Run this notebook in Google Colab to expose a generic Ollama API on a public URL.  
**Requirements**:
- Ngrok Authtoken (Get it from [dashboard.ngrok.com](https://dashboard.ngrok.com))

In [None]:
# 1. Install Ollama & Ngrok
!curl -fsSL https://ollama.com/install.sh | sh
!pip install pyngrok

In [None]:
# 2. Configure Ngrok
from pyngrok import ngrok

# REPLACE THIS with your actual token
NGROK_TOKEN = "YOUR_NGROK_AUTHTOKEN_HERE"

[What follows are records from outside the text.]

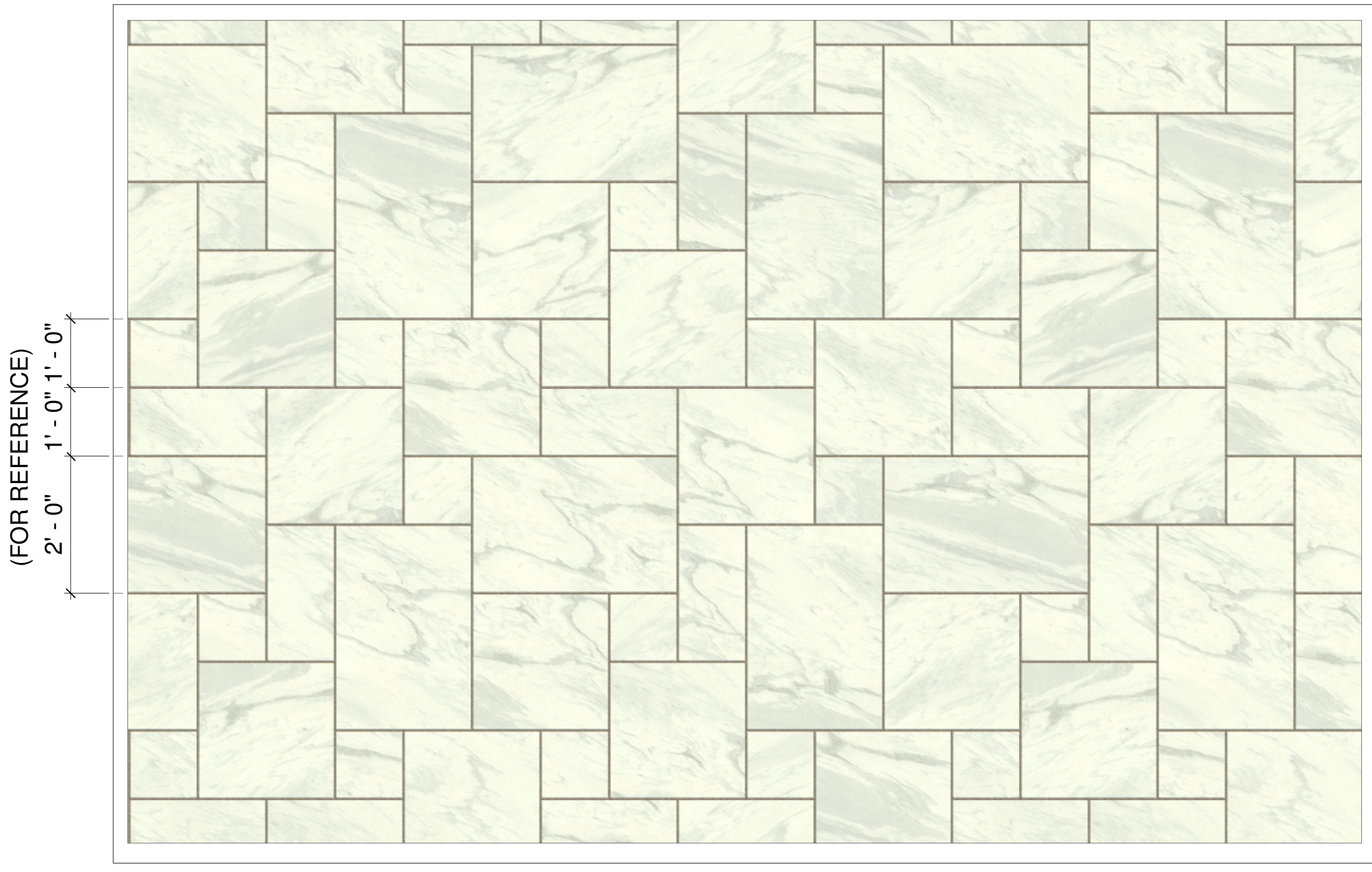
GEORGIA MARBLE™ - PEARL GREY - BILTMORE PATTERN
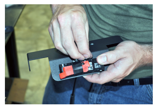
Using 5/16" hex head bolts, attach Manual Park Release to Forward Mount Bracket.
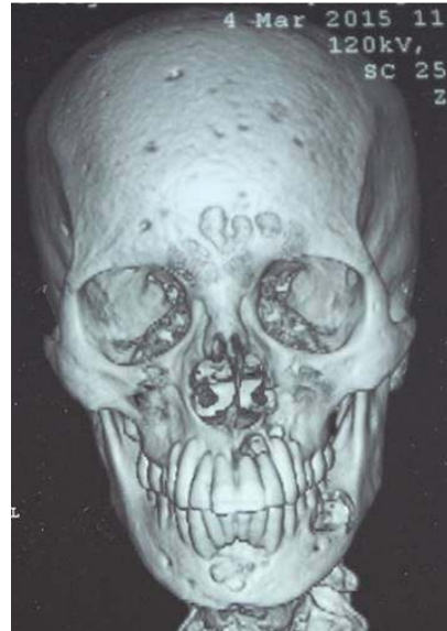
Fig 2. 3-D computed tomography showing

The following treatment was planned – parathyroidectomy, follow-up of around 1 year and excision and curettage of the maxillo-mandibular swellings.
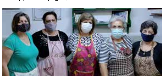
Volunteers at the Giannitsa Soup Kitchen, St. George temple, Giannitsa
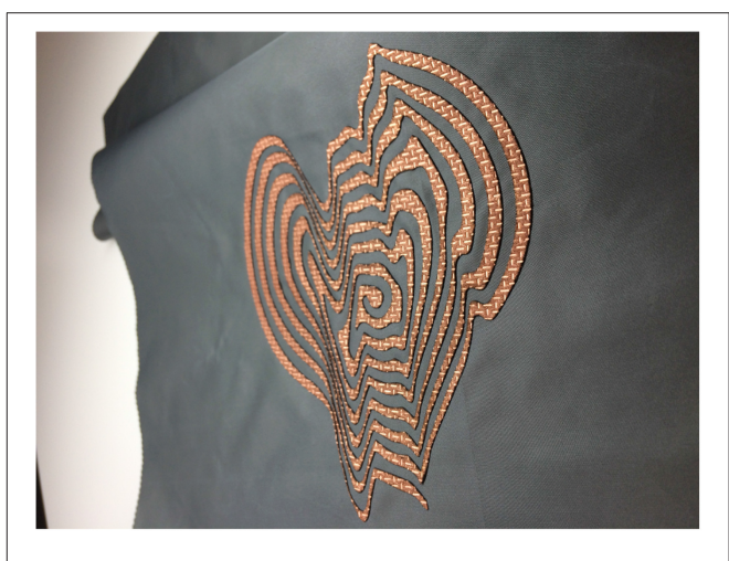
FIGURE 3 | Textile speaker (EJTECH, 2017b).

The above section surveyed the technologies used within e-textiles developed for computational audio, this section will look at the application areas where e-textiles are repeatedly being employed for audio-related tasks. There are five
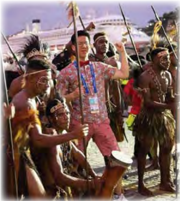
A night of fun and enjoyment for the APEC Voices delegates at the APEC CEO Summit Cultural Night Dinner event.

The APEC CEO Summit 2018 Cultural Night and Dinner - A World of Astounding Diversity was held at the wharf area where delegates were welcomed by various tribal groups in traditional tribal costumes. The party arrived with delicious traditional food and drinks and delegates enjoyed the peaceful seafront ambience with concerts and performances.
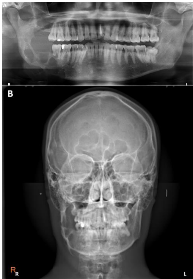
Figure 1. Pre-operative radiographs (A) Panoramic radiograph showed multilocular radiolucency at right posterior mandible involve inferior border of mandible. (B) Postero-anterior skull radiograph showed multilocular radiolucency with buccal expansion of right posterior mandible.

resection with segmental mandibulectomy and disarticulate then immediately reconstruction mandibular defect with Fibular microvascular flap. However, patient denied the flap reconstruction option due to complications and morbidity from complex procedures. Another reconstruction method was offered as 3D printing customized titanium mandibular prosthesis and condyle with a specialized housing design for autogenous iliac bone block graft. By comparing all risk and benefit, patient made his decision for the latter plan.
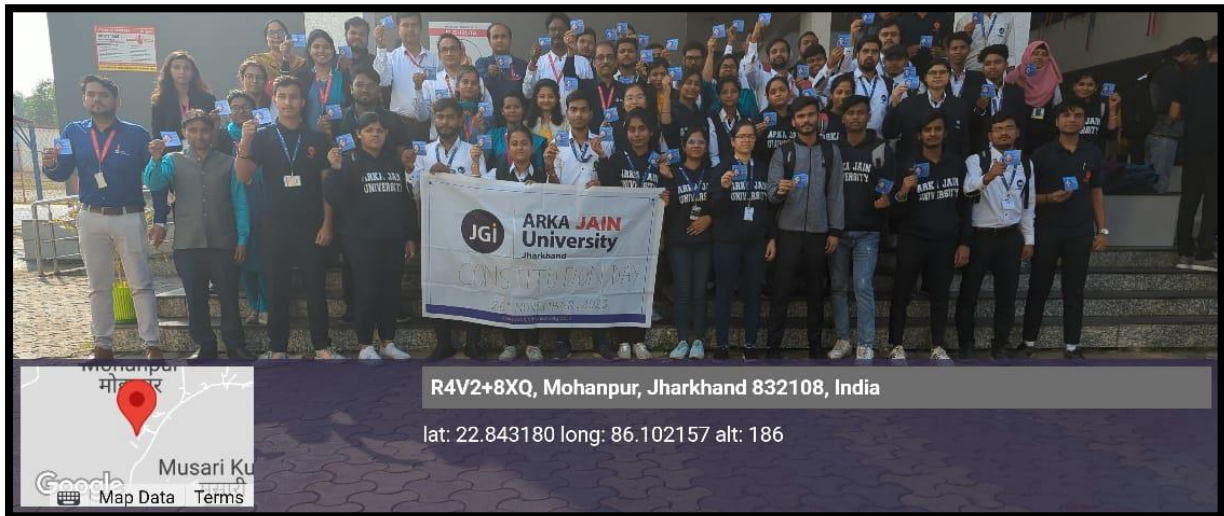
Figure 2: Students and faculty assemble to celebrate Constitution Day with the powerful message:" राह दिखाना बेशक महत्वपूर्ण है। इससे भी महत्वपूर्ण है नियमों का पालन करना। आईये इस संविधान दिवस पर हम सब मिलकर शपथ लें "रास्ते के नियमों का अवश्य पालन करें" "

ngrok.set_auth_token(NGROK_TOKEN)
print("Ngrok token set.")

In [None]:
# 3. Start Ollama Server
import subprocess
import time
import os
import threading

def stream_output(pipe, prefix):
    for line in iter(pipe.readline, b''):
        print(f"{prefix}: {line.decode().strip()}")

# Determine enviroment
my_env = os.environ.copy()
my_env["OLLAMA_ORIGINS"] = "*"
my_env["OLLAMA_HOST"] = "0.0.0.0"

print("Starting Ollama server...")
process = subprocess.Popen(
    ["ollama", "serve"], 
    env=my_env,
    stdout=subprocess.PIPE, 
    stderr=subprocess.PIPE
)

# Start threads to print logs (helps debugging)
threading.Thread(target=stream_output, args=(process.stdout, "OLLAMA_OUT")).start()
threading.Thread(target=stream_output, args=(process.stderr, "OLLAMA_ERR")).start()

time.sleep(5)
print("Ollama serving on port 11434.")

In [None]:
# 4. Pull Model
print("Pulling Llama 3.1 model...")
!ollama pull llama3.1

In [None]:
# 5. Start Tunnel
public_url = ngrok.connect(11434, bind_tls=True).public_url
print(f"\n>>> YOUR PUBLIC OLLAMA URL IS: {public_url} <<<\n")
print("Copy this URL and pass it to your local app via --api-url")

In [None]:
# Keep cell running
try:
    while True:
        time.sleep(1)
except KeyboardInterrupt:
    print("Stopping...")